The band recorded the Up Left Mofo demo tape in Patrick's home studio, and their debut studio EP Fallen at American Recording Company in Louisville. A second EP was recorded during these sessions also that only included Dave, Mike and Matt; it featured covers selected from their favorite rock bands, and was entitled Breeze.

"Cumbersome" was re-recorded twice, once with the band as a four piece, and then as a three-piece. It had been recorded once under the Steve Mings and Dujan Burton era of the band on the Change the World EP, and on a Thirteenth Step release, thus making it the fourth studio version Michael had cut to date. A live acoustic version had been issued by 13th Step during that time as well. "Simple Man" was recorded twice, in both sessions.

Incarnational Sonship Christian rock spin off to Altered Addiction
Incarnational Sonship was a Christian alternative rock band that formed in 2011 in Hikes Point, Louisville at the Southeast Christian Church. At that time, the band consisted of vocalist Matt Singleton, bassist Michael "Mike Higgins" King, guitarist Steve Mings, and drummer Jerimy Lindsey. The pastor of the church was throwing a Saturday night concert. A band had backed out and he needed a replacement. Matt, Mike, Steve and Jeremy Mehler formed "Pull Me Apart Trenitalia" to perform.

Incarnational Sonship current line-up

Steve and Michael started a new band after not hearing from the original members of the group. Colin Price had met Michael while attending Bridgehaven with his wife and asked him if he'd like to start a band; he agreed. Cory Brandon Arledge became the group's guitarist and was later replaced by keyboardist Blaine Grant, a childhood friend of Steve's. Michael has said the reasoning for letting such a great guitarist go was his criminal history. This line-up has remained in place to date.

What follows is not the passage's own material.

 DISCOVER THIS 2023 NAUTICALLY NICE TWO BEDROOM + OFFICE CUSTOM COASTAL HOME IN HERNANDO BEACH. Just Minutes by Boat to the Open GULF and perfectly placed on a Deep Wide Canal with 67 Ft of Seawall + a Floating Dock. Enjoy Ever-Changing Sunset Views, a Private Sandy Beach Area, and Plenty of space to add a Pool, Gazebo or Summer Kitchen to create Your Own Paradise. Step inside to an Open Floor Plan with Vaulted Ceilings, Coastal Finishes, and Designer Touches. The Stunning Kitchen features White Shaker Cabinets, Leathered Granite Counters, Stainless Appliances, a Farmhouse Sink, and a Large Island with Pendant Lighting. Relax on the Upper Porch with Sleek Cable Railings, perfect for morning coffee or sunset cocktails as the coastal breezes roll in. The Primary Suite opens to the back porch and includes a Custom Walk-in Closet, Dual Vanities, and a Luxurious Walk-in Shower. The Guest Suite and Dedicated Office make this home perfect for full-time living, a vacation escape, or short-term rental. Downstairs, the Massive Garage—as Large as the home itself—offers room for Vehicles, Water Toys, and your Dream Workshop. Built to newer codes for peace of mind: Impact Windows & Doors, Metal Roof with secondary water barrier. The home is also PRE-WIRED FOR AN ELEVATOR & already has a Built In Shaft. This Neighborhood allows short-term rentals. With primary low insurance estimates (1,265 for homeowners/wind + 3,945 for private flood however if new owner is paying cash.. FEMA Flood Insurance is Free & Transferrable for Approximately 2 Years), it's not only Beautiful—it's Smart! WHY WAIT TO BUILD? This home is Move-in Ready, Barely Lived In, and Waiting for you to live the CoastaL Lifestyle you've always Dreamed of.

They play shows on a regular basis in coffee shops and churches around Kentucky, Indiana, and Ohio. The band was also known as The Morning Freaks. Upon learning the name was already used by another band, they accepted the fate of Incarnational Sonship and Christian rock being the claim in music.

The band issued two singles, "Jesus" and "Single Dreams", on Purevolume.

Fallen Down
Fallen Down was an acoustic rock band from St. Matthews, Kentucky, formed in 2011. It consisted of vocalists and multi-instrumentalists Nicholas King and Danny Roach, and a wide array of session musicians.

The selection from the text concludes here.